In April, according to the instructions for the use of plasmid pK18mobsacB, we successfully integrated the third upstream and downstream fragment of ribozyme of P. chlororaphis B3-3G into plasmid pK18mobsacB, and successfully obtained knockout plasmid PK18-2.

In May, we first used plasmid PK18-2 to knock out RNAseIII of P. chlororaphis B3-3G, and performed PCR verification and sequencing verification. Subsequently, we introduced pFLP2 plasmid and recombined kana resistance gene.

In June, we constructed the KC1 plasmid expressing actin-dsRNA. In order to exclude the possible influence of non-target gene dsRNA, we also constructed KC2 plasmid expressing gfp-dsRNA.
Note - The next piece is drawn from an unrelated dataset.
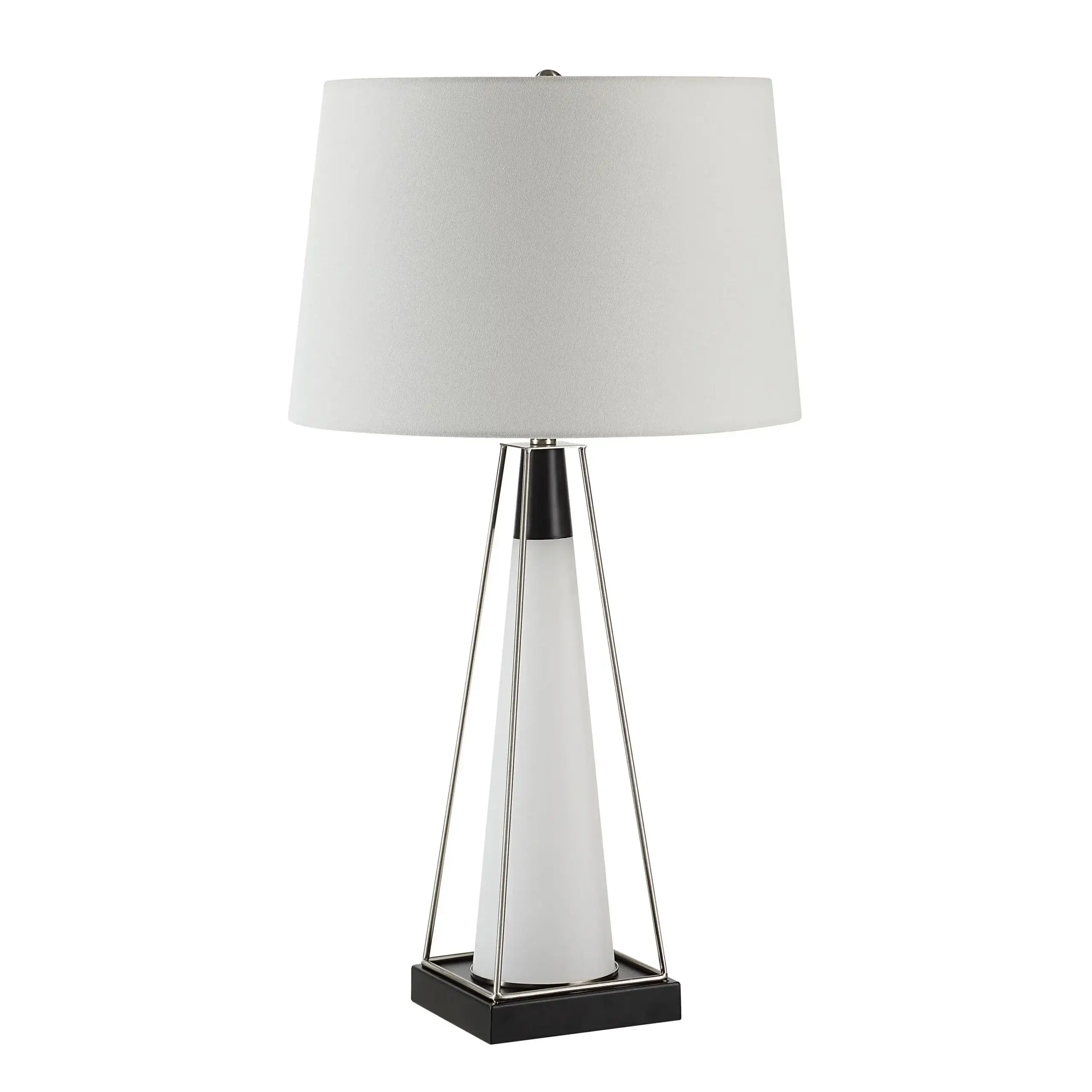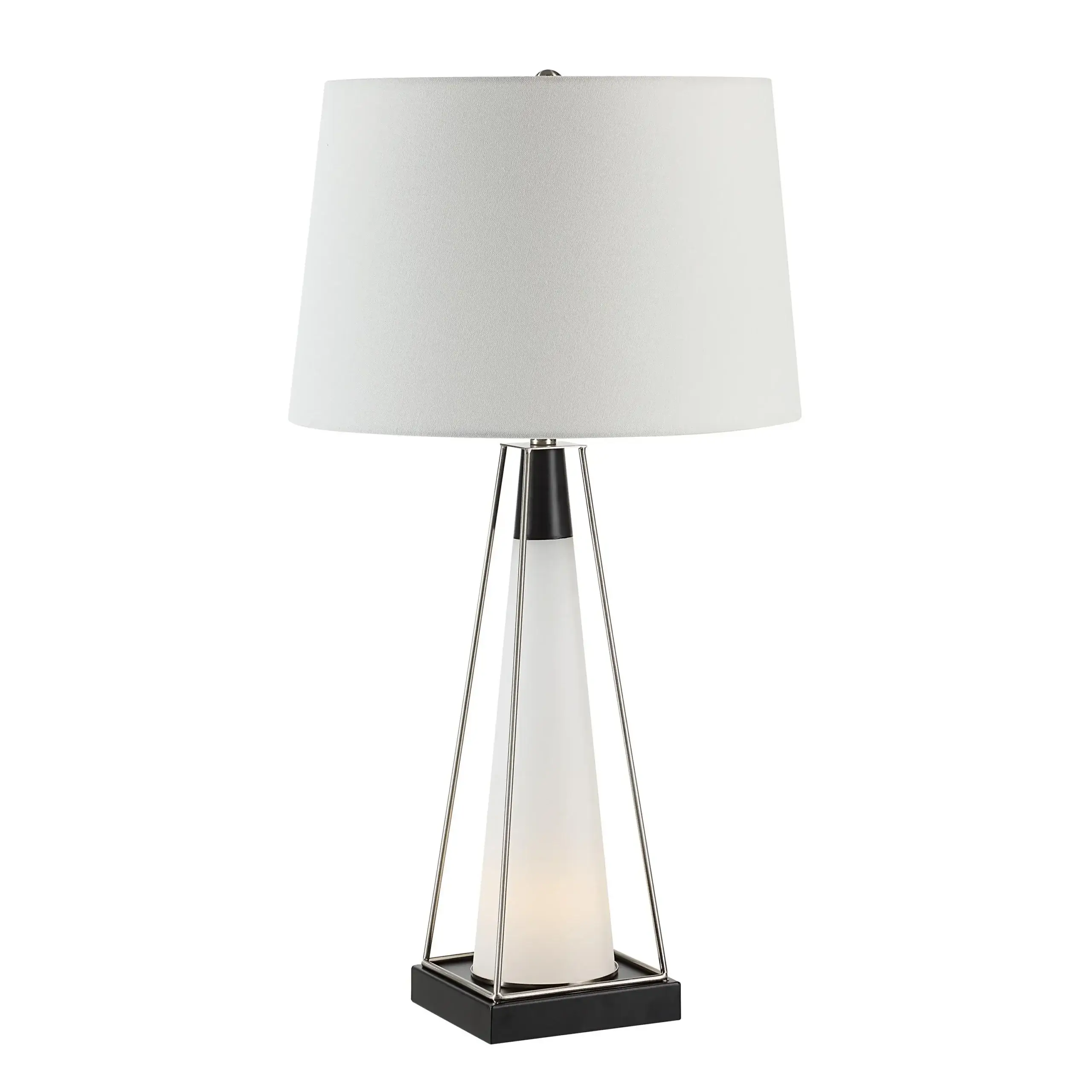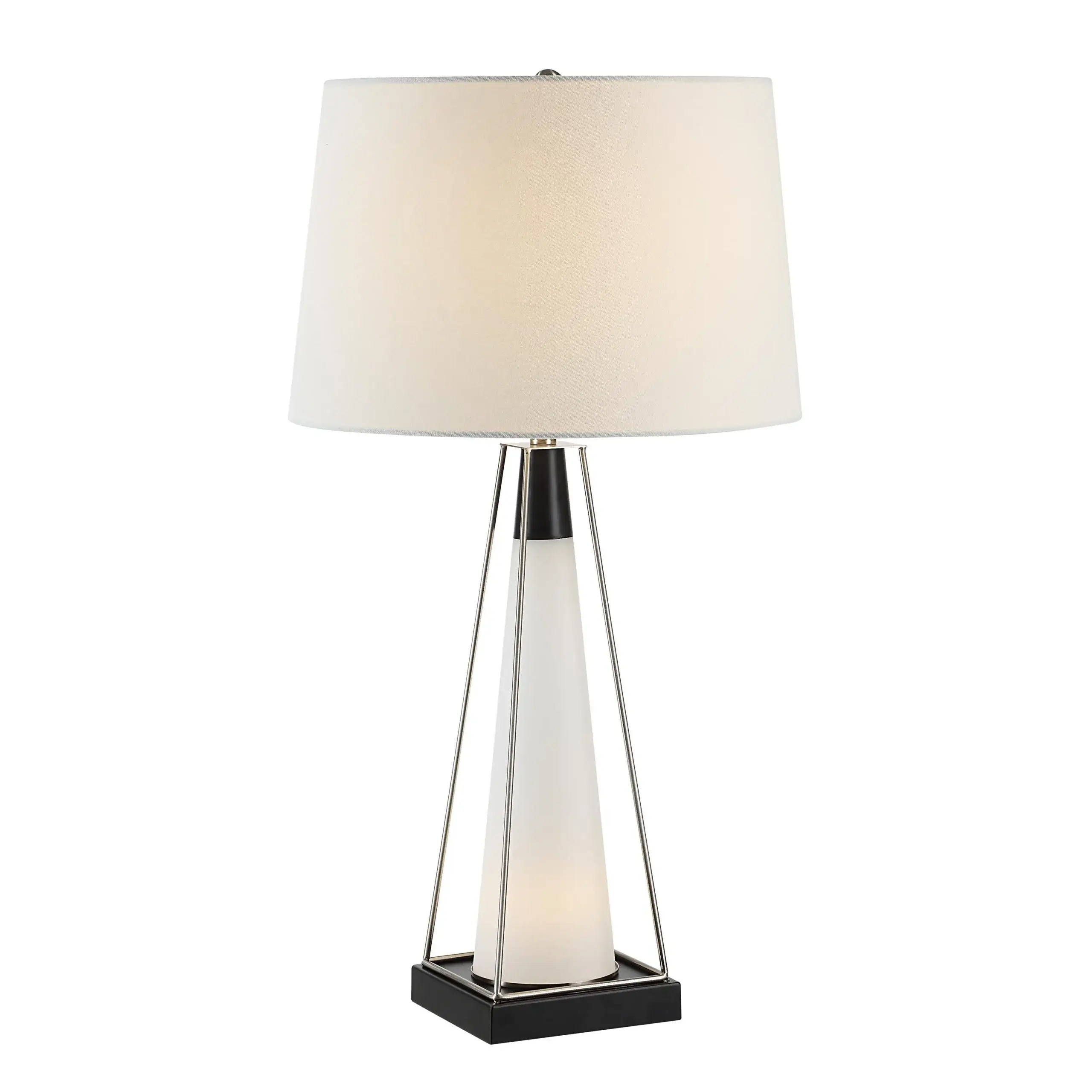 Innovation and contemporary design are on display in the Navagio lamp. Modern finishes come together in the perfect mix of frosted glass, brushed nickel, matte black and ivory linen to create a table lamp that’s as great-looking as it is effective. As a bonus, it even features a convenient night light in its base to light up any space with a soothing glow.
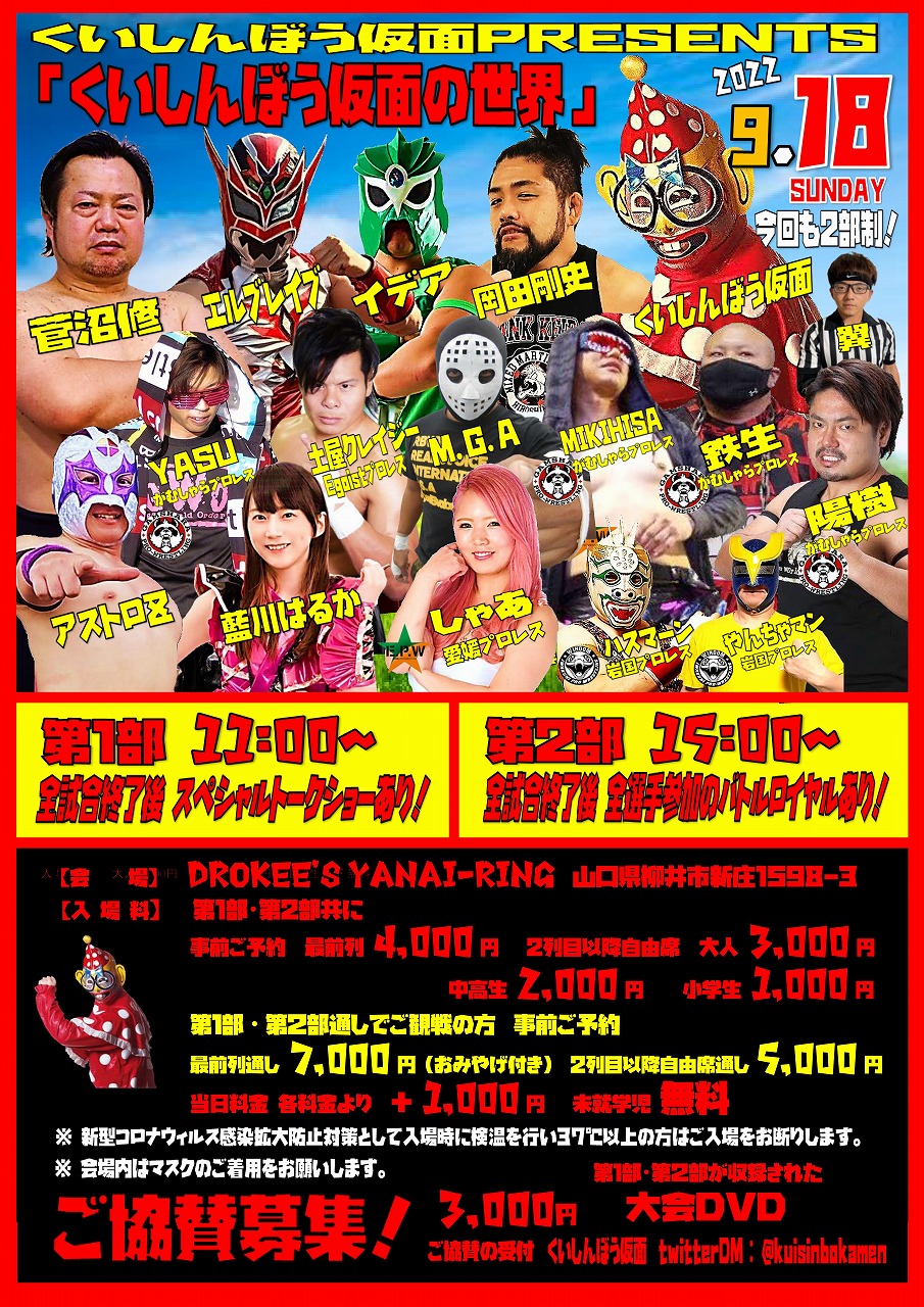 がむしゃらプロレスより、SMITH、ダイナマイト九州、陽樹、KENZO選手参戦!!

In July, in order to control the expression of KC1 and KC2 plasmids, we introduced LacI operator at one end of the tac promoter and transformed it into inducable dsRNA expression plasmids KC3 and KC4.

In August, we further successfully integrated the KillerRed protein expression frame on the basis of vectors KC3 and KC4, respectively, and successfully constructed the KC5 and KC6 plasmids

In September, we performed a biological assay and qRT-PCR to detect the expression level of actin gene in Plagiodera versicolora.